Ил. 25. Крупный план печати. Кадр из х/ф «Нетерпимость», 1916. Режиссер Дэвид Уорк Гриффит, оператор Г. В. Битцер
В этом пункте мы сталкиваемся с трудностью различения иероглифики как фигуры самоопределения фильма и процесса иероглифической фигурации, имеющей свои особенности в текстуальной активности фильма. Это различие мерцающее, потому не в последнюю очередь необходимо отследить риторику самоопределения, которая проявляет себя по мере чтения «Нетерпимости» как один из ее очевидных месседжей. С одной стороны, иероглифическая аналогия служит как стартовая точка «стратегической рефлективности», своего рода главный троп, призванный сгруппировать разнородные текстуальные элементы[420]. С другой стороны, поскольку это самоопределение ступает на зыбкую почву письма, оно отдает себя на милость той же риторики, призванной консолидировать и стабилизировать. Как метафора текстуальной активности фильма иероглиф присоединяется к другим образам, которые одновременно порождают и искажают фильмический текст.

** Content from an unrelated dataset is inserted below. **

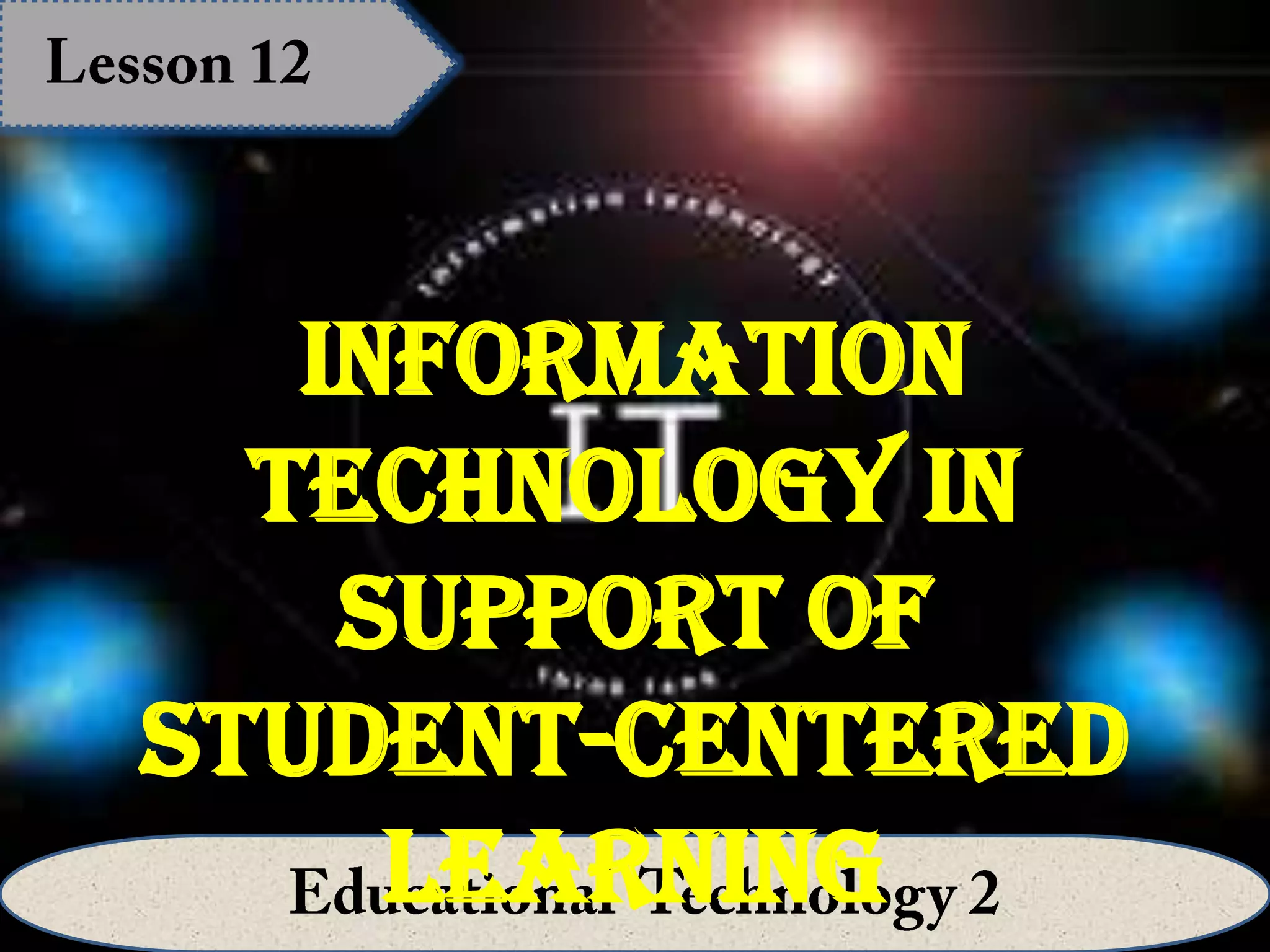 The document discusses how information technology can support student-centered learning. It contrasts traditional teacher-centered classrooms with student-centered models where students are active participants in the learning process. It provides examples of how technology allows students to interact with others, demonstrate independence, perform tasks like word processing and presentations, search for information online, and brainstorm with peers. The teacher takes on a facilitating role and provides individualized instruction tailored to each student's needs.

Один из таких образов-фигур — Женщина, качающая колыбель, — по слову Линдсея, является «ключевым иероглифом» фильма[421]. Но эта картина также репрезентирует иероглифическую конфигурацию в смысле, который придают ей Адорно и Хоркхаймер, то есть маркирует важное различие между притязанием на иконическую самоочевидность, прозрачность и универсальность и неустранимой текстуальной разнородностью, дизъюнкцией, которая делает ее местом порождения множественных и разноречивых значений. Кроме того, кадр с колыбелью возвращает нас к вписыванию женственности, наблюдаемой в организации взгляда и сексуальных обертонов нарративной власти. Таким образом, он ставит вопросы психосексуального сценария, воплощенного в «Нетерпимости», и психологических мотивов его текстуальных отклонений.
9. Загадки материнства
Если вы это пробовали, то сначала горько,
потом солоно, потом щиплет язык.
Это похоже на знание. Темное, соленое,
ясное, волнующее, абсолютно свободное,
извергаемое из холодного жерла мира,
извлеченное из скалистых отрогов гор,
всегда в движении, и летящее —
потому что оно исторично.
Изображением Женщины, качающей колыбель, свободно заимствованным из Уитмена, «Нетерпимость» создает образ, по-видимому, не затронутый сексуальной или текстуальной двойственностью, — универсально человечный, знакомый, материнский, почти матриархальный образ. Как противовес историческому движению к катастрофе, этот образ неподвижен в пространстве и времени: он не имеет диегетической референции ни в одном из четырех нарративов. С выигрышной позиции вне и над историей кадр с колыбелью априори притязает на статус порождающего символа, привязанного к метафизической истине, которая призвана сцеплять фильм в единое целое, придавать упорядоченность и единство его разнородным и распадающимся значениям. Однако в своей навязчивой повторяемости, в своей позиционной и композиционной сверхдетерминированности этот кадр фрагментирует сам дискурс, чью последовательность и прозрачность он опровергает. Таким образом, он становится фокусом саморефлексивности, которая не только разваливает фильм, но и предлагает альтернативные констелляции, где он может читаться.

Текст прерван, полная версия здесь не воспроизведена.